Get Detected Entities
GET /apps/docudesk/api/anonymization/batch/{batchId}/entities
Returns the aggregated entity types detected across all files in the batch, for use in the review step before anonymization.
Anonymize Batch
POST /apps/docudesk/api/anonymization/batch/{batchId}/anonymize
Applies anonymization to all extracted files using the selected entity types.
Request body (JSON):
| Field | Type | Description |
|---|---|---|
entities | string[] | Entity type labels to anonymize (e.g.
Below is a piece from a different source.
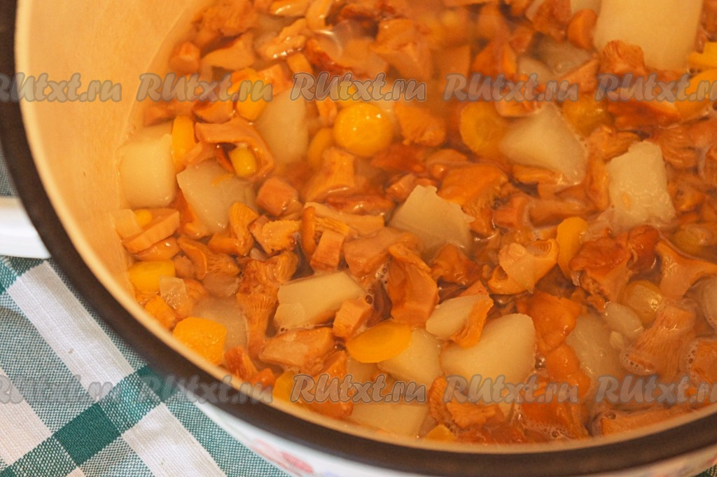 Периодически убирайте с супа накипь. Готовить суп из лисичек на среднем огне ещё 5-7 минут.

PERSON, PHONE_NUMBER) |
Response:
{
"batchId": "550e8400-...",
"batchStatus": "completed",
"processedFiles": 3,
"skippedFiles": [],
"totalFiles": 3
}
Download Report
GET /apps/docudesk/api/anonymization/batch/{batchId}/report
Returns a summary report of all replacements made per file.
Anonymization Profiles
GET /apps/docudesk/api/anonymization/profiles
PUT /apps/docudesk/api/anonymization/profiles
Manage named entity type profiles (preset selections of entity types for repeated use).
Configuration Options
| Config key | Default | Description |
|---|---|---|
docudesk_batch_max_files | 100 | Maximum files per batch session |
Set via the DocuDesk admin settings or occ config:app:set docudesk docudesk_batch_max_files.
Batch State Machine
uploading → extracting → review → anonymizing → completed
↓
(per-file: error)
Files that fail extraction or anonymization are marked error and skipped; the batch
continues with the remaining files.
Services
BatchStateService
Manages batch lifecycle in the distributed cache (APCu or Redis).
| Method | Description |
|---|---|
createBatch() | Create a new batch and persist to cache |
getBatch() | Retrieve batch by ID; returns null if expired |
updateBatch() | Update batch state in cache |
deleteBatch() | Remove a batch from the cache |
getMaxFiles() | Read configured max-files limit |
BatchExtractionService
Steps through a batch one file at a time, calling AnonymizationService::extractAndDetectEntities().
| Method | Description |
|---|---|
extractNext() | Extract entities from the next uploaded file in the batch |
BatchAnonymizeService
Anonymizes all extracted files in a batch.
| Method | Description |
|---|---|
anonymizeBatch() | Apply anonymization to extracted files with given entity types |
BatchUploadService
Handles file upload and batch initialization.
BatchReportService
Generates the post-anonymization report.
EntityConsolidationService
Aggregates detected entity types across all files for the review step.
Dependencies
| Dependency | Purpose |
|---|---|
AnonymizationService | Single-file entity extraction and anonymization |
ICacheFactory | Distributed cache (APCu/Redis) for batch state |
IAppConfig | Read batch configuration limits |